**DATA RECORDS**

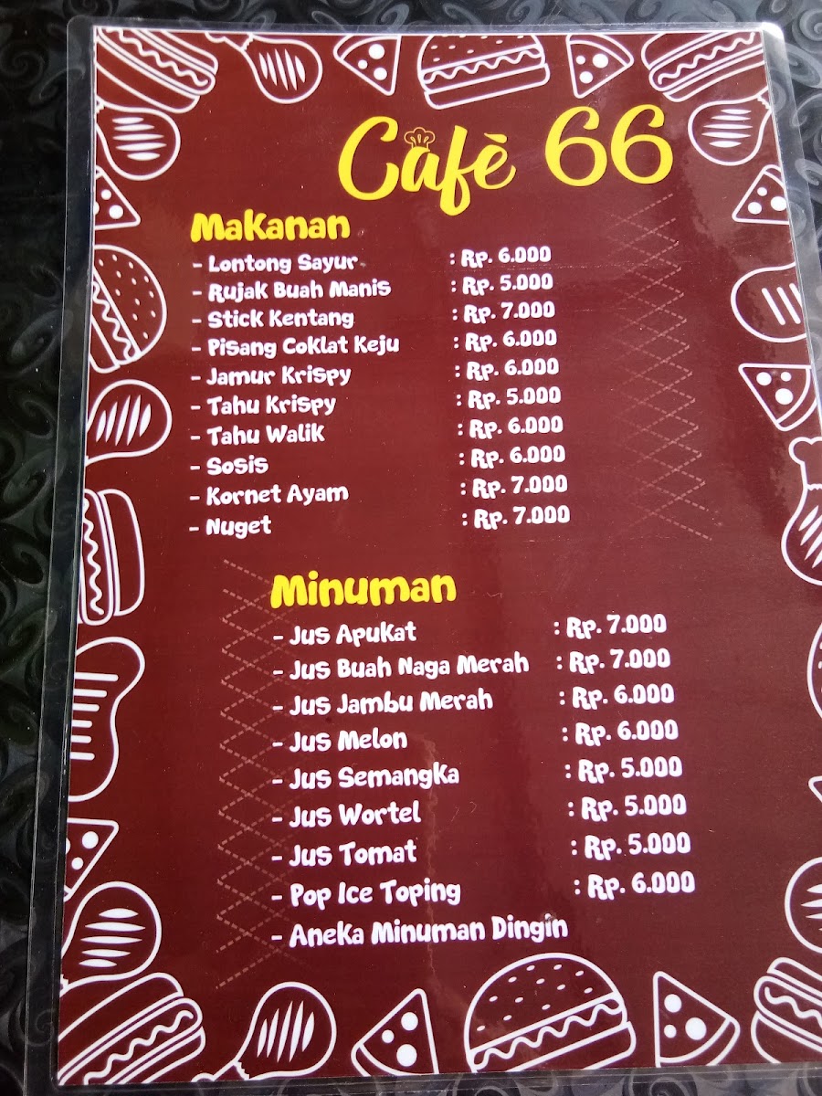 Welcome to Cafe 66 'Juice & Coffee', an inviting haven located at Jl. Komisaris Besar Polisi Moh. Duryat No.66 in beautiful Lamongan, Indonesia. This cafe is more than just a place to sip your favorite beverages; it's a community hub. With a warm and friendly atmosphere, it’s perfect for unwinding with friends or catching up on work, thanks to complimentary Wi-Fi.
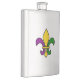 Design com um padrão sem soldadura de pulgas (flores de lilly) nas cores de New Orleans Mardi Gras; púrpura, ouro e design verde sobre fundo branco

--

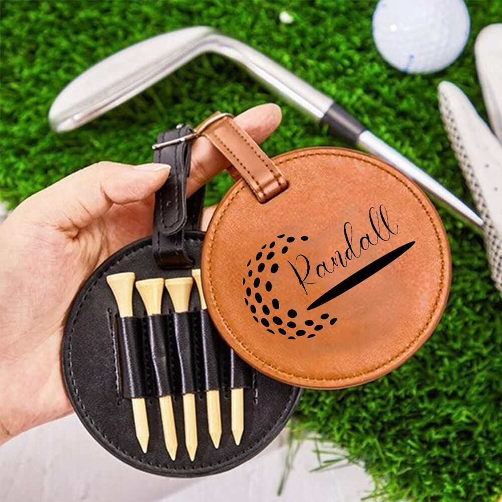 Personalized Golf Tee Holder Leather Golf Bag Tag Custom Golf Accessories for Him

* * *

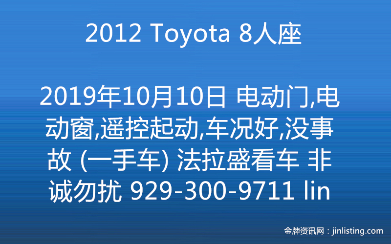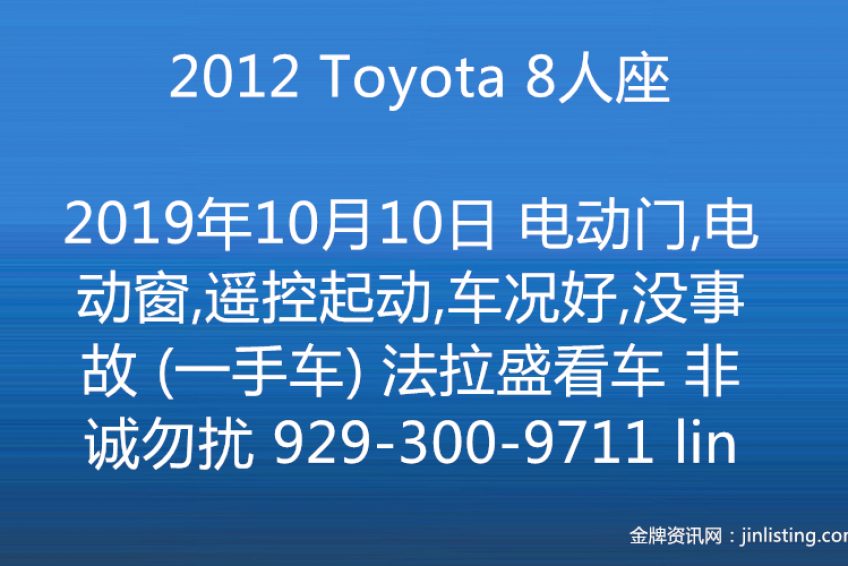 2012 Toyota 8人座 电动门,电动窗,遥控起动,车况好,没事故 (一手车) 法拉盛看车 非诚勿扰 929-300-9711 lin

**EXERCISE REQUIREMENTS**
From the records above, extract the lines from the one holding "Welcome to Cafe" through the one holding "Design com um", word for word; omit the pictures.

**ANSWER SPACE**
 Welcome to Cafe 66 'Juice & Coffee', an inviting haven located at Jl. Komisaris Besar Polisi Moh. Duryat No.66 in beautiful Lamongan, Indonesia. This cafe is more than just a place to sip your favorite beverages; it's a community hub. With a warm and friendly atmosphere, it’s perfect for unwinding with friends or catching up on work, thanks to complimentary Wi-Fi.
 Design com um padrão sem soldadura de pulgas (flores de lilly) nas cores de New Orleans Mardi Gras; púrpura, ouro e design verde sobre fundo branco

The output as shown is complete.